Comment 2 Oliver Kurz 2020-03-19 19:40:13 UTC
I will. Theoretically this experiment could run forever as the problem does not appear that often and also I am looking for the issue *not* appearing anymore. To have a high confidence I would be able to give that assessment only after multiple months of operations without the problem appearing once. Can I do something else to investigate further in case this issue happens again?
Comment 3 Michal Suchanek 2020-03-22 18:54:36 UTC
The btrfs issue is triggered by btrfsmaintenance so you can run it a few times to see if that is your problem and run it again with the updated kernel to see it it's fixed.
Comment 4 Michal Suchanek 2020-03-24 16:20:04 UTC
Please update to the current MU. The update should have the btrfs fix which should make diagnosing any remaining issues easier.
Comment 5 Oliver Kurz 2020-03-25 05:57:11 UTC
Created attachment 833804 [details]
log of stuck processes and sysrqw-w from openqaworker-arm-1 on kernel-default-5.6.rc6-1.1.g5c2f002.aarch64

Good suggestion! I triggered

```
for i in {1..20}; do msg="## https://progress.opensuse.org/issues/41882#note-34: Run $i" && logger $msg && echo $msg && systemctl start btrfs-scrub btrfs-balance btrfs-trim fstrim ; sleep 300; done
```

on the two machines "openqaworker-arm-1" which is running kernel-default-5.6.rc6-1.1.g5c2f002.aarch64 (KOTD) and "openqaworker-arm-2" running 4.12.14-lp151.28.40-default . After one night openqaworker-arm-1 with KOTD is in a state resembling the reported one, a lot of blocked I/O processes. logs attached.

So KOTD *still* reproduces the problem.
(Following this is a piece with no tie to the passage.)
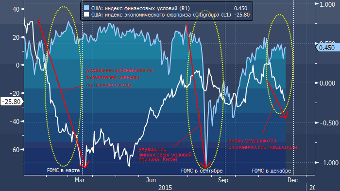 На графике уделено внимание разрывам в значениях показателей, которые предшествовали мартовскому заседанию Комитета по операциям на открытом рынке (FOMC) ФРС США и сентябрьскому заседанию. Предшествовавший мартовскому заседанию FOMC разрыв был обусловлен резким снижением индекса экономического сюрприза. Если вспомнить, то тогда плохую экономическую статистику списали на плохие погодные условия и простаивания портов в США. Разрыв, прешествовавший сентябрьскому FOMC, был обусловлен резким падением в отрицательную зону индекса финансовых условий. Причиной был обвал фондового рынка в Китае. Если вспомнить, то в заключительной инструкции сентябрьского заседания, на котором ставки так и не были повышены, были комментарии относительно ужесточения финансовых условий, как одна из причина обоснования продолжения паузы.

I hope the logs are helpful to determine what could be the next step for investigation or fix.
Comment 6 Michal Suchanek 2020-03-25 13:47:46 UTC
Created attachment 833842 [details]
console log
Comment 7 Michal Suchanek 2020-03-25 13:49:32 UTC
Created attachment 833843 [details]
log of stuck processes and sysrqw-w from openqaworker-arm-1 on kernel-default-5.6.rc6-1.1.g5c2f002.aarch64
Comment 8 Michal Suchanek 2020-03-25 13:51:28 UTC
Triggered by btrfsmaintenance - likely btrfs related.